So I was given the following prompt:
"Let $R$ be the region in the first quadrant bounded by the graph of $y=x^2$, the line $x=4$, and the $x$-axis. $R$ is the base of a solid whose cross sections perpendicular to the $x$-axis are equilateral triangles. What is the volume of the solid?"
I understand how to find the area of cross sections that might be squares or rectangles, but I haven't worked with equilateral triangles before. I also understand that the formula for the area of an equilateral triangle is: $\frac {a^2\sqrt3}{4}$, but I'm a bit lost over how I'd find the area or even the sides of the triangle in this case. Any help would be appreciated!
Best Answer
Please note that the equilateral triangle cross-section is parallel to $YZ$ plane (perpendicular to $x-$axis). The base of the equilateral triangle is $x^2$ as it is between $y = 0$ and $y = x^2$.

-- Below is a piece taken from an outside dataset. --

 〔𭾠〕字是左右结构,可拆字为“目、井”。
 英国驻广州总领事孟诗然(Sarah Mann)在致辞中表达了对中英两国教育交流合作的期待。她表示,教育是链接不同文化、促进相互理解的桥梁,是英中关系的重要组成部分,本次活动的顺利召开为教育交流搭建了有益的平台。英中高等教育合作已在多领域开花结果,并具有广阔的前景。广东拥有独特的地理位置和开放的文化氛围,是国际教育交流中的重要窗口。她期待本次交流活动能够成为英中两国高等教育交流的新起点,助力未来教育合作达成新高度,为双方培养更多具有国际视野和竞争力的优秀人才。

So sides of equilateral triangle $ = x^2$ and height $ = \frac{\sqrt3}{2} x^2$
For a given value of $z$, $y$ will vary between $\frac{z}{\sqrt3}$ and $x^2-\frac{z}{\sqrt3}$.
The limits of $y$ come from the fact that at any given height ($z$) in the triangle if we drop perpendicular from two edges to the base, the distance from both vertices of the base to the foot of the perpendicular will be $ = z \cot 60^0= \frac{z}{\sqrt3} \ $.
So the integral to find volume should be
$\displaystyle \int_{0}^{4} \int_{0}^{\frac{\sqrt3}{2} x^2} \int_{\frac{z}{\sqrt3}}^{x^2- \frac{z}{\sqrt3}} dy \ dz \ dx$
If you integrate wrt $dz$ first, you will have to split the integral into two hence the choice of the order.